Why are Obama and Holder scrambing to cover up the shameful, illegal acts perpetrated by Bush and Cheney, thereby blackening their own names?
My bad, link in my @2 is to page 2 of 2 pages. Here’s link to page 1.
I re-read it and yes, it states they have videotapes of the witnesses. What’s the penalty for bearing false witness?
Some of this was brought up at the July 16 hearing by the government on the fly after Judge Huvelle told prosecutors they had no case. Because it was Huvelle actually demanded that prosecutors provide affidavits stating who had found what and when they had found it, i.e. after June 1.
Judge Huvelle pointed out that there were no American eyewitnesses and that statements by Afghani officials were unpersuasive.

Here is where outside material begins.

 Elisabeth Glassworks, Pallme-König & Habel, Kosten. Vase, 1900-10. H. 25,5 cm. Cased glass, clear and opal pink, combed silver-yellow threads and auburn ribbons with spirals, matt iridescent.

Statements from other captives, if any, suffer from the problem that they were likely the product of coercion (my observation). Huvelle noted that the likelihood that the government could find other previously unknown Afghani eyewitnesses whose memories could be relied on after 7 years was close to zero. And finally, Judge Huvelle pointed out that if there were such witnesses, Afghani authorities were always free to prosecute Jawad upon his return to Afghanistan.

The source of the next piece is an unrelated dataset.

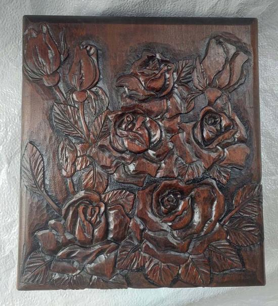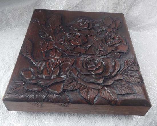 ***วัดใจ***กล่องไม้แกะสลัก วินเทจญี่ปุ่น งานฝีมือเก่า ลายกุหลาบ ขนาด 11 X 13 นิ้ว ใบใหญ่ไม้หนาๆ หนา 3 นิ้ว |

What is really going on here is what Judge Huvelle warned about, that the government not getting the outcome it wanted is trying to change the rules. The whole Jawad as detainee case has collapsed so now they are trying to resurrect it by moving Jawad into the civilian court system. This is a replay of Padilla. The Padilla as detainee case was going to the Supreme Court and the Bush Administration knew they were going to lose there because of the executive’s encroachment on judicial turf. So they just transferred Padilla to the civilian courts where he was eventually convicted in a really lame case in Florida that had nothing to do with the first few discredited rationales for why he was a dangerous terrorist.
The Obama Administration and its DOJ are just playing legal games and you really have to ask yourself what this says about them, how does this persecution, not prosecution, add to their credibility or demonstrate their respect for the rule of law? I have said this many times on many issues, but this is change we can’t believe in.

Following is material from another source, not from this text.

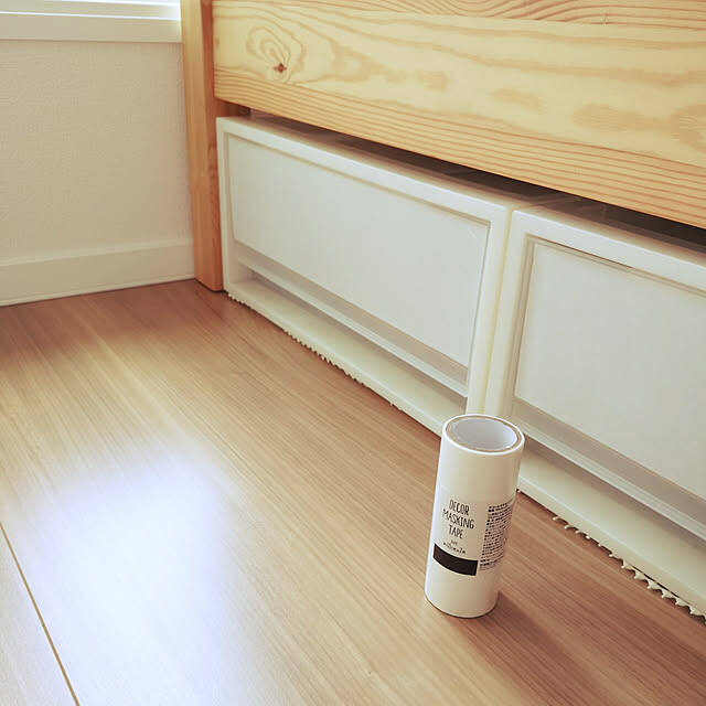 セリアのマスキングテープで衣装ケースを目隠ししているmachakoさんの実例です。ケースの枠と色味をそろえることで、ベッド下のスペースもスッキリと洗練された印象になりますね。

Thank you, Hugh. The idea that Obama/Holder would try to pull this pathetic trick on Judge Huvelle is, as you say, very telling about their true character and intentions;admit nothing, deny all, blame scapegoat.
Looks like one realm above the law for gov criminals, the regular law for the
vassalsus.Hugh, I think that Obama/Biden/Odierno are pulling a fast one on us in Iraq while all the attention is focused on the health care fight. I’ll pull my thoughts and some links together and post in another comment here. The matter deserves to be presented by someone with your expertise; I’m short by a country mile.
Hugh, my thoughts and searches re Iraq followed this path:
(1) Iraqi poor are selling one of their kidneys to survive. Al-Jazeera. (text)
Video.
(2) My question: “where is the Iraq oil money going? It belongs to the Iraqi people.”
Answers a-plenty in this article by Michael Schwartz. (95% of it is deposited in The Federal Reserve Bank of New York).
Audio of interview by TomDispatch.com is here in which he discusses the article. [note in the inerview that MS states that the plan for the Iraq Oil Law was drawn up in Bethseda, MD before the war began!
(3) Spencer Ackerman’s 07/23/09 article in The Washington Independent, Iraqi Prime Minister Open to Renegotiating Withdrawal Timeline.
I think you can discern what is going on here. I’ll check my links – will be really lucky if they all fly.
A miracle! All my links work.
Thanks for the links. I don’t know if I can get to this right now. A lot of money doesn’t cross sectarian divides. A lot is used to prop up various political groups. I haven’t seen much about improved employment or infrastructure projects that might indicate that money was going to benefit the Iraqi people. Oil remains the focus of everything but I haven’t seen anything to show that even here production has increased that much.
The Schwartz article stated that unemployment was officially at 18%, but the truth is more like 30%.
It’s a broad subject, Hugh, and I realize I was perhaps asking too much.